= PROBLEM STATEMENT =
Write the data out again exactly, dropping any images it holds.

= TASK DATA =
--- START ---
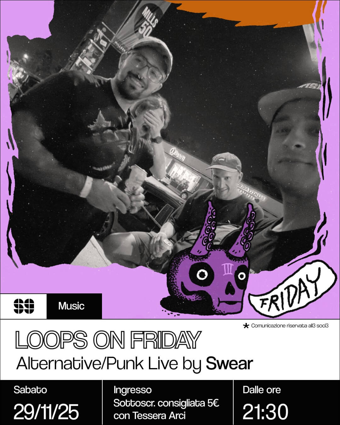 È la notte dove riff distorti e riverberi infiniti si incontrano, dove il grunge più crudo si fonde con le visioni eteree dello shoegaze in un vortice di emozioni e rumore.
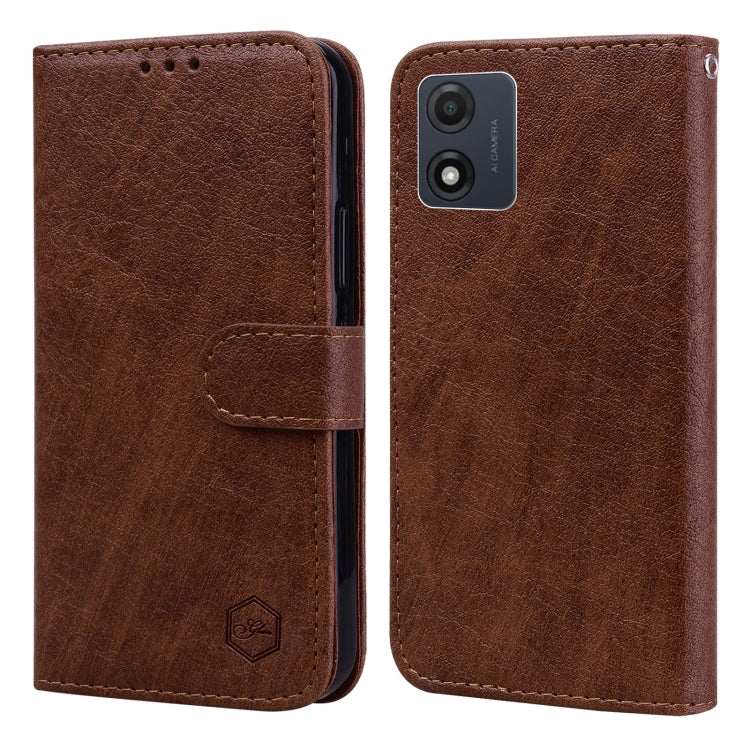 Funda para Motorola Moto E13 Sensación de Piel Textura Cuero Aceitoso PU + TPU (Marrón)
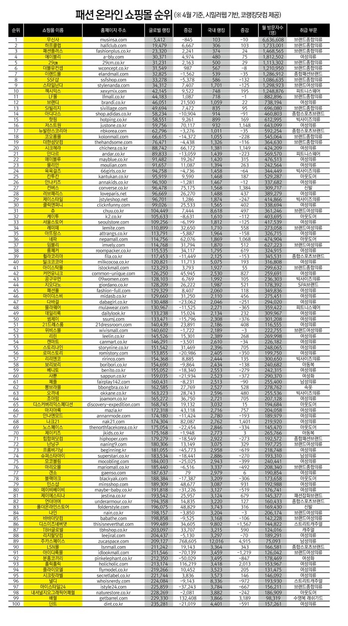 www.koranking.com)의 협조를 받아 조사한 ‘4월 패션 온라인 쇼핑몰 순위’에 의하면 100위권 쇼핑몰 중 57개가 글로벌 랭킹이 상승했다. 3월에는 65개가 상승했었다. 월 방문자 수가 100만 명이 넘은 쇼핑몰은 3월과 같은 10개였다. 2월에는 5개였다.
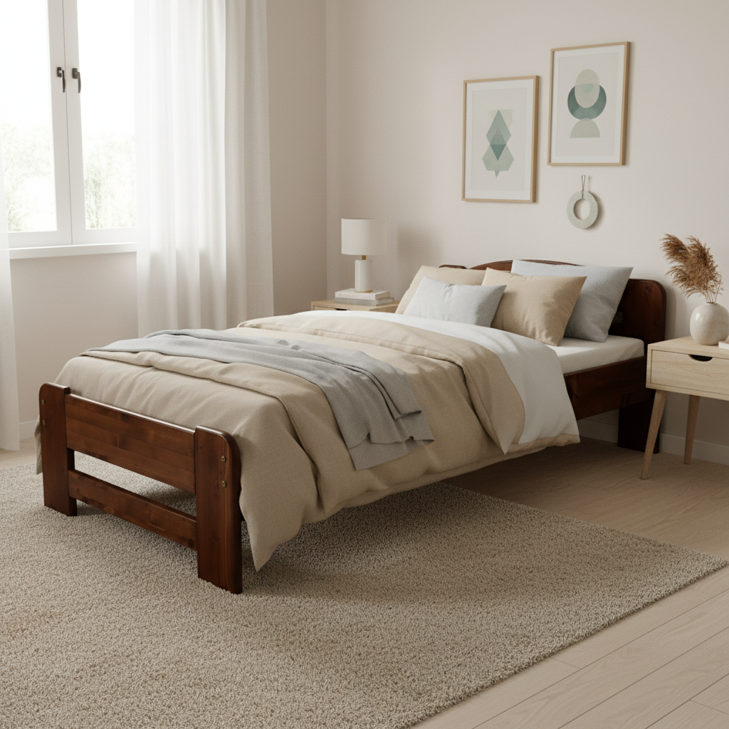 Acest model se evidențiază prin structura sa 2/1, având două scânduri la tăblia din cap și o scândură la tăblia din picioare. Tăblia cap, cu o înălțime de 58 cm, oferă sprijin confortabil și completează designul armonios, în timp ce tăblia de la picioare, cu o înălțime de 40 cm, menține o linie discretă. Înălțimea șezutului este de 40 cm, ideală pentru confortul zilnic.
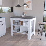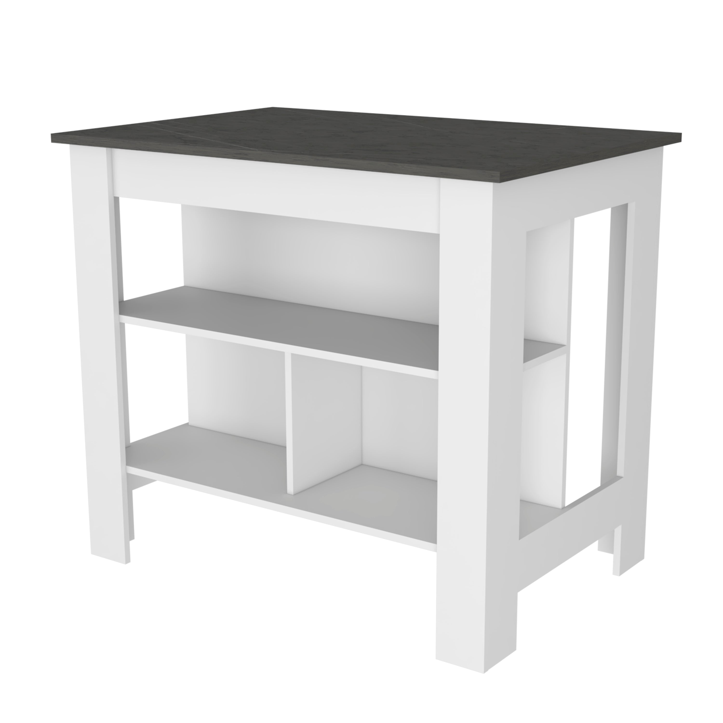 White and Light Oak Finish Kitchen Island With Three Side Shelves
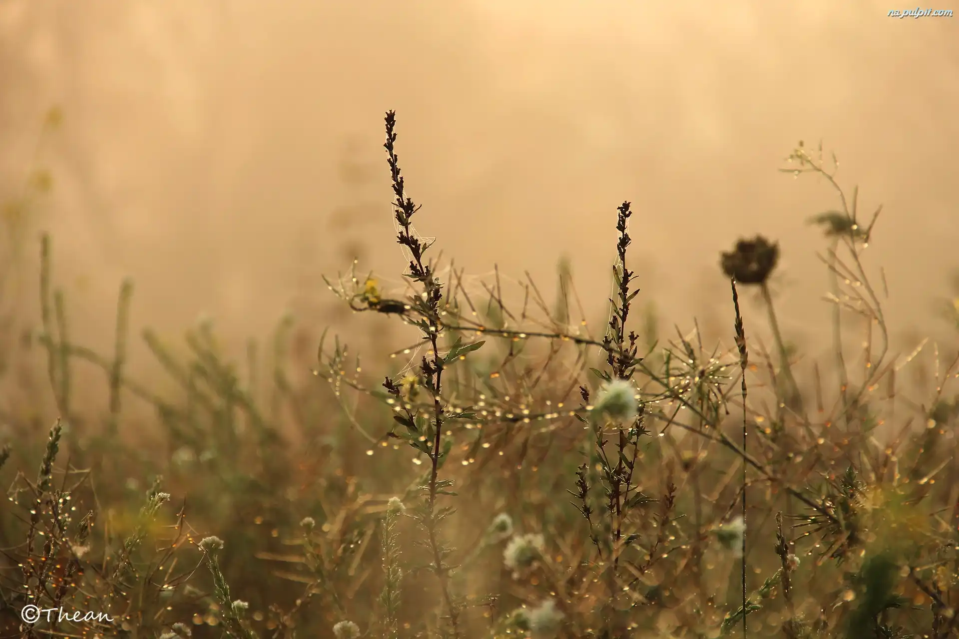 Krople, Mgła, Łąka, Rośliny Na Pulpit
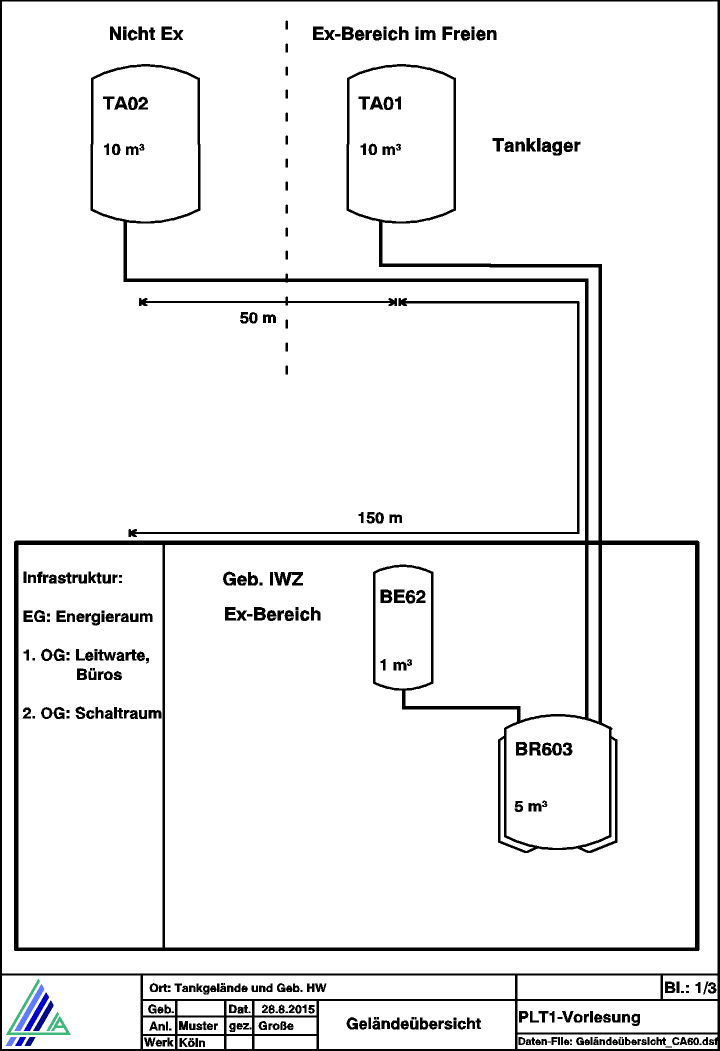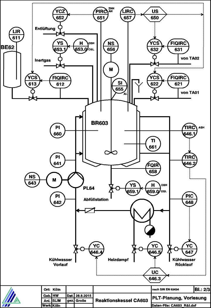 PLT Planung: Planspiel-Projekt Ingenieurbüro Begleitend zur Vorlesung Prozessleittechnik Planung wird eine Musteraufgabe der Automatisierung in Form eines "Planspiels" realisiert. Der Zeitplan der Vorlesung PLT Planung findet sich hier. Ein potentieller Auftraggeber beschreibt die Aufgabenstellung "Automatisierung einer Produktionsanlage". In der Industrie fällt diese Beschreibung erfahrungsgemäß knapp aus. Die Studierenden der Vorlesung organisieren sich in fiktiven Ingenieurbüros und versuchen den Auftraggeber auf eine klar umrissene Aufgabenstellung festzulegen. Dabei gilt es als Team zu agieren, formale Besprechungen zu führen, sich gegenseitig zu informieren und letztlich alle industriell notwendigen Planungspapiere zu fertigen. Am Ende steht ein Vertrag zwischen Auftraggeber und Auftragnehmer, also ein Angebot jedes Ingenieurbüros und hoffentlich eine Bestellung. Alle Ingenieure in der Industrie agieren so, selbst wenn sie nur intern die für ihre Aufgaben notwendigen Gelder zu begründen haben. Es liegt also nahe, diese Zusammenhänge im Rahmen der Vorlesung zu proben. Natürlich werden die wesentlichen technischen Inhalte im Rahmen der Vorlesung PLT Planung behandelt (Vorlesungsinhalte), dennoch wird es einige Themen geben, die jeder einzelne Studierende selbst zusammenfasst und im Rahmen eines kleinen Vortrags vorstellt. Darüber wird arbeitsteilig das notwendige Wissen erarbeitet. Der Aufwand wird in etwa dem zeitlichen Aufwand für Übung und Praktikum entsprechen. Vorausgesetzt ist aber, dass die Teams verlässlich zusammenarbeiten. Aber gerade die für eine Sache notwendigen Arbeitsstunden sollten von den Ingenieurbüros verwaltet werden, damit spätere Kostenschätzungen präziser werden. Die Betreuung findet durch Prof. Dr. Große unterstützt von den Assistenten statt. Die Aufgabe: Der potenzielle Auftraggeber, Betreibers einer Anlage HW - CA60 mit Tanklager zur Produktion eines Kunststoffes „SLIM“, stellt seine Anforderungen wie folgt vor: "Aus 3 Grundstoffen, davon ist einer lösungsmittelhaltig (Stoff 01), wird durch Reaktion unter ständigem Rühren der Kunststoff „SLIM“ synthetisiert. Es erfolgt nach Abkühlung ein Transfer über eine Abfüllstation in Tankwagen. Verfahren:
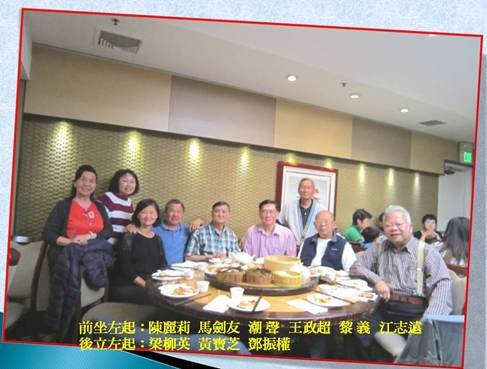 今(2014)年六月初我有要事,突然決定趕赴美國三藩市作短暫的逗留,而下一個行程福州之旅又早已安排好,此次三藩市之行只好來去匆匆,本來意料中處理完要事之後,可能就沒有機會與在美的各位老朋友見面相聚了,想不到梁柳英笛姊果然是位既稱職又能幹的重量級公關人才,她真是有辦法,順著赴聖荷西參加知用校友會之便,竟約到黎義兄開車載她賢伉儷與鄧振權兄到三藩市我二姊家,大家見面真是開心到不得了,原來她還約了潮聲、王政超、馬劍友伉儷、和陳美翎文友,在三藩市最有名的鯉魚門餐廳,等候和我們相聚,我真是感動萬分,驚喜之情難以言喻。
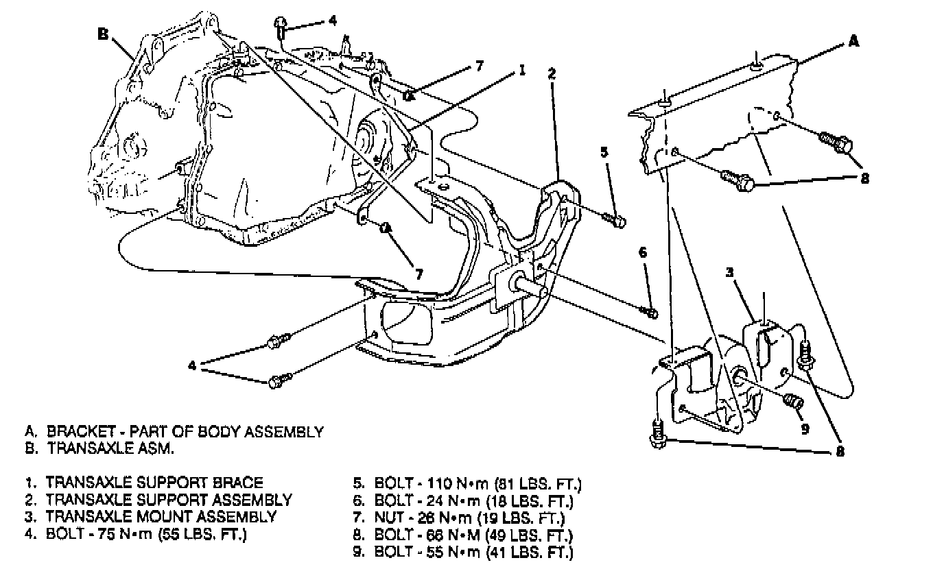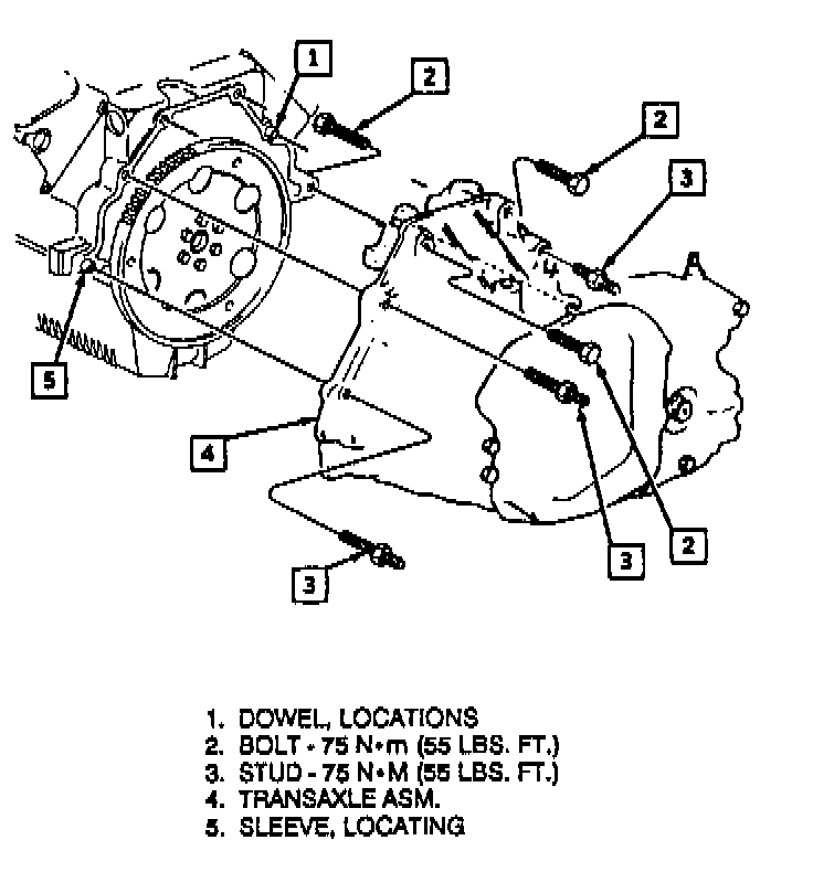 3. Lower engine to transaxle bolts. Remove transaxle jack.
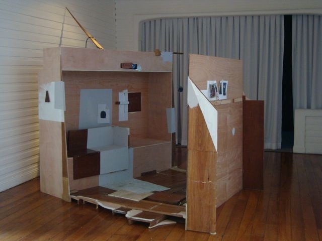 Ramón Zafrani’s series of architectonic works that model recent high-rise buildings are constructed out of lumber from old North American houses in the Panama Canal Zone. These historic buildings, specifically designed for tropical conditions yet made from redwood pine imported from the US, are currently being demolished. Meanwhile, high-rise buildings, indicating globalized architectural developments, are being built in Panama City.
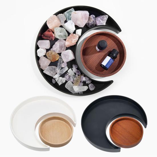 Представляем изысканный лоток для хранения, изготовленный из дерева и АБС-пластика для прочности и долговечности.. Этот универсальный лоток для украшений предназначен для аккуратного хранения мелких предметов, таких как ювелирные изделия, ключи и конфеты, добавляя элегантности вашему пространству.. Поднос состоит из двух частей: части в форме луны, символизирующей луну, и круглой части, символизирующей солнце, что делает его очаровательным декоративным элементом.
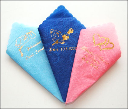 muistan olleeni joskus häissä missä oli servetit joissa oli painetut nimet ja joku kuva. mutta tästä on jo aikaa...
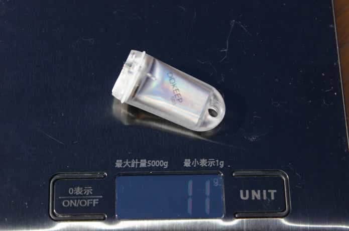そして本体ミニライトの重さは11g。100円玉2枚ほどの軽さです。
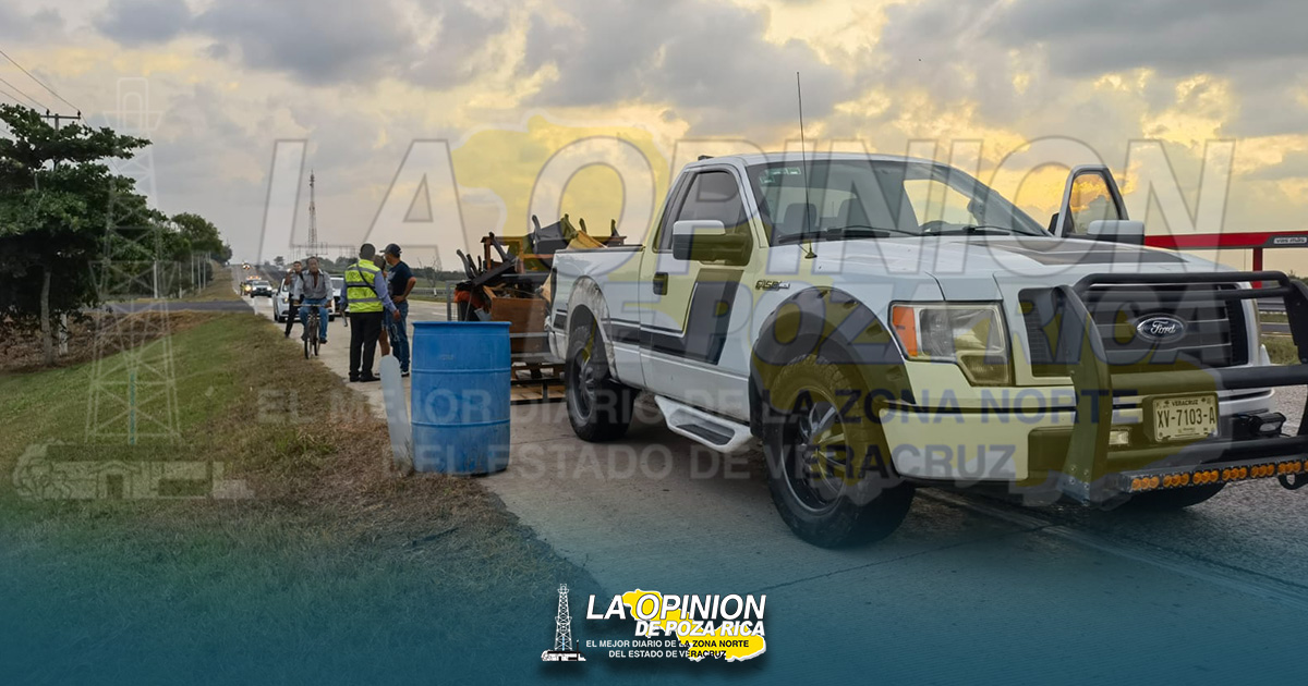 En el lugar una camioneta Ford F150, color blanco, con placas de circulación XV7103A del Estado, que halaba un remolque sufrió un aparatoso accidente que habría dejado una persona lesionada.
--- END ---
= RESPONSE BOX =
 È la notte dove riff distorti e riverberi infiniti si incontrano, dove il grunge più crudo si fonde con le visioni eteree dello shoegaze in un vortice di emozioni e rumore.
 Funda para Motorola Moto E13 Sensación de Piel Textura Cuero Aceitoso PU + TPU (Marrón)
 www.koranking.com)의 협조를 받아 조사한 ‘4월 패션 온라인 쇼핑몰 순위’에 의하면 100위권 쇼핑몰 중 57개가 글로벌 랭킹이 상승했다. 3월에는 65개가 상승했었다. 월 방문자 수가 100만 명이 넘은 쇼핑몰은 3월과 같은 10개였다. 2월에는 5개였다.
 Acest model se evidențiază prin structura sa 2/1, având două scânduri la tăblia din cap și o scândură la tăblia din picioare. Tăblia cap, cu o înălțime de 58 cm, oferă sprijin confortabil și completează designul armonios, în timp ce tăblia de la picioare, cu o înălțime de 40 cm, menține o linie discretă. Înălțimea șezutului este de 40 cm, ideală pentru confortul zilnic.
 White and Light Oak Finish Kitchen Island With Three Side Shelves
 Krople, Mgła, Łąka, Rośliny Na Pulpit
 PLT Planung: Planspiel-Projekt Ingenieurbüro Begleitend zur Vorlesung Prozessleittechnik Planung wird eine Musteraufgabe der Automatisierung in Form eines "Planspiels" realisiert. Der Zeitplan der Vorlesung PLT Planung findet sich hier. Ein potentieller Auftraggeber beschreibt die Aufgabenstellung "Automatisierung einer Produktionsanlage". In der Industrie fällt diese Beschreibung erfahrungsgemäß knapp aus. Die Studierenden der Vorlesung organisieren sich in fiktiven Ingenieurbüros und versuchen den Auftraggeber auf eine klar umrissene Aufgabenstellung festzulegen. Dabei gilt es als Team zu agieren, formale Besprechungen zu führen, sich gegenseitig zu informieren und letztlich alle industriell notwendigen Planungspapiere zu fertigen. Am Ende steht ein Vertrag zwischen Auftraggeber und Auftragnehmer, also ein Angebot jedes Ingenieurbüros und hoffentlich eine Bestellung. Alle Ingenieure in der Industrie agieren so, selbst wenn sie nur intern die für ihre Aufgaben notwendigen Gelder zu begründen haben. Es liegt also nahe, diese Zusammenhänge im Rahmen der Vorlesung zu proben. Natürlich werden die wesentlichen technischen Inhalte im Rahmen der Vorlesung PLT Planung behandelt (Vorlesungsinhalte), dennoch wird es einige Themen geben, die jeder einzelne Studierende selbst zusammenfasst und im Rahmen eines kleinen Vortrags vorstellt. Darüber wird arbeitsteilig das notwendige Wissen erarbeitet. Der Aufwand wird in etwa dem zeitlichen Aufwand für Übung und Praktikum entsprechen. Vorausgesetzt ist aber, dass die Teams verlässlich zusammenarbeiten. Aber gerade die für eine Sache notwendigen Arbeitsstunden sollten von den Ingenieurbüros verwaltet werden, damit spätere Kostenschätzungen präziser werden. Die Betreuung findet durch Prof. Dr. Große unterstützt von den Assistenten statt. Die Aufgabe: Der potenzielle Auftraggeber, Betreibers einer Anlage HW - CA60 mit Tanklager zur Produktion eines Kunststoffes „SLIM“, stellt seine Anforderungen wie folgt vor: "Aus 3 Grundstoffen, davon ist einer lösungsmittelhaltig (Stoff 01), wird durch Reaktion unter ständigem Rühren der Kunststoff „SLIM“ synthetisiert. Es erfolgt nach Abkühlung ein Transfer über eine Abfüllstation in Tankwagen. Verfahren:
 今(2014)年六月初我有要事,突然決定趕赴美國三藩市作短暫的逗留,而下一個行程福州之旅又早已安排好,此次三藩市之行只好來去匆匆,本來意料中處理完要事之後,可能就沒有機會與在美的各位老朋友見面相聚了,想不到梁柳英笛姊果然是位既稱職又能幹的重量級公關人才,她真是有辦法,順著赴聖荷西參加知用校友會之便,竟約到黎義兄開車載她賢伉儷與鄧振權兄到三藩市我二姊家,大家見面真是開心到不得了,原來她還約了潮聲、王政超、馬劍友伉儷、和陳美翎文友,在三藩市最有名的鯉魚門餐廳,等候和我們相聚,我真是感動萬分,驚喜之情難以言喻。
 3. Lower engine to transaxle bolts. Remove transaxle jack.
 Ramón Zafrani’s series of architectonic works that model recent high-rise buildings are constructed out of lumber from old North American houses in the Panama Canal Zone. These historic buildings, specifically designed for tropical conditions yet made from redwood pine imported from the US, are currently being demolished. Meanwhile, high-rise buildings, indicating globalized architectural developments, are being built in Panama City.
 Представляем изысканный лоток для хранения, изготовленный из дерева и АБС-пластика для прочности и долговечности.. Этот универсальный лоток для украшений предназначен для аккуратного хранения мелких предметов, таких как ювелирные изделия, ключи и конфеты, добавляя элегантности вашему пространству.. Поднос состоит из двух частей: части в форме луны, символизирующей луну, и круглой части, символизирующей солнце, что делает его очаровательным декоративным элементом.
 muistan olleeni joskus häissä missä oli servetit joissa oli painetut nimet ja joku kuva. mutta tästä on jo aikaa...
そして本体ミニライトの重さは11g。100円玉2枚ほどの軽さです。
 En el lugar una camioneta Ford F150, color blanco, con placas de circulación XV7103A del Estado, que halaba un remolque sufrió un aparatoso accidente que habría dejado una persona lesionada.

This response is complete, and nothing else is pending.